You're always going to upset someone with a property story.

It doesn't matter whether the market is up, down, black, white or a muddled grey mess, someone out there is going to think you've got it in for them.

I hope this one goes okay for you.

I get a taste of that passion involved in the sector whenever I fill in for Herald Property Editor Anne Gibson, as I did last week to cover the release of latest Real Estate Institute (REINZ) data.


The REINZ data is comprehensive and detailed. There are choices to be made about how it is covered.

People see all sorts of conspiracies in the media but there's only one bias that really drives us - we like to put the most interesting bit at the top of the story.

The October REINZ figures showed median prices in the Auckland region fell by 3.2 per cent year on year to $850,000 - the biggest fall since December 2010.

But the really dramatic news was that within the old Auckland City boundaries (the CBD and central suburbs) the median price had fallen 17 per cent from $1.025m to $850,000 since October 2016.

That's an incredible slump, when you consider that the median price was rising by similar percentages for several years - something ratepayers are paying for now as Council revaluations shift reflect massive growth through 2014 and 2015.

Still, I nearly buried the 17 per cent drop. I wanted to make sure that the figure was presented in the right context.

I fully understand the housing market has not crashed.

Economists tend to look through the raw median price and rely on the REINZ House Price Index.


That's because the index accounts for changes in the type of property being sold.

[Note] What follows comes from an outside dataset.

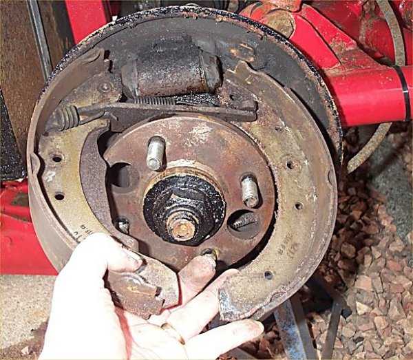 4. Pull the shoes off one at a time - again there is a special tool for this but I use large pliers. Just be careful that you lever on the metal shoe and NOT the brake friction material.

The median is simply the mid-point on a list of all the sale prices recorded in a region over a set period.

Sometimes that is skewed by unusual sales volumes at the top or bottom end of the market - particularly on a monthly basis when the numbers are smaller.

So the index adjusts the data by chopping off the extremes. That provides a more stable benchmark for assessing ongoing trends.

On an annual basis the indexed data shows the Auckland region is only down about 1 per cent. It actually ticked up 0.4 per cent for the month of October.

The big trend for economists is the unusually low volume of transactions, something being attributed to a "wait and see" approach many are taking while uncertainty about the election and new Government policies plays through.


Fair enough. The Auckland market is basically flat in that macro-economic context.

Regardless, it seems important to me to take another step back and look again at the median price in central Auckland.

That 17 per cent fall in median value is real. It was treated as a big deal when it rose through $1m last year. Now it is just $850,000.

According to Real Estate Institute chief executive Bindi Norwell the big driver of the slump in median prices has been the influx of apartments and smaller units on to the central Auckland market.

They are naturally of a lower value than free-standing homes.

So the number of apartments and units coming on to the market in a suburb like Mt Eden has risen at a time when the volume of sales for expensive villas is unusually low.

That changes the make-up of the list of sales and drags down its mid-point.


But if you want to live in Mt Eden, a dwelling is a dwelling.

Economists need to account for the change in the type of properties being sold to maintain a macro view. But in the real world a buyer who wants live in Mt Eden now has more available options at a lower price.

The shift in median value is highly meaningful. In fact is something to shout about.

This is a trend that could spread out from the central suburbs as the Unitary Plan (and other zoning and building policies of local and central government) bring more higher-density, cheaper dwellings into the market.

It shows us it may be possible to engineer a more affordable market in Auckland City without crashing the property values of existing homeowners.

That's important because even if you don't care about the property values of smug middle-class Aucklanders, the so-called wealth effect they have been experiencing is something economists take seriously.


If house prices fall sharply across the board homeowners don't feel as flush, they spend less, business growth stalls and GDP growth is slower.

That means the Government takes less tax and pressure goes on what they can afford to spend.

This Government has committed to fiscal responsibility but also wants to implement a whole bunch of worthy social spending programmes. Those have been budgeted for based on solid GDP growth and a healthy tax take in the next year.

The last thing new finance minister Grant Robertson needs is a property crash that sees Aucklanders closing their wallets.

Auckland still faces population pressure, but there's a risk we see a slump in demand just as new supply hits the market.

Labour does need to move cautiously on immigration and foreign buyer rules while it is putting the foot down on its KiwiBuild programme.


But for now a falling median price against a stable, albeit flat, market backdrop looks like good news to me.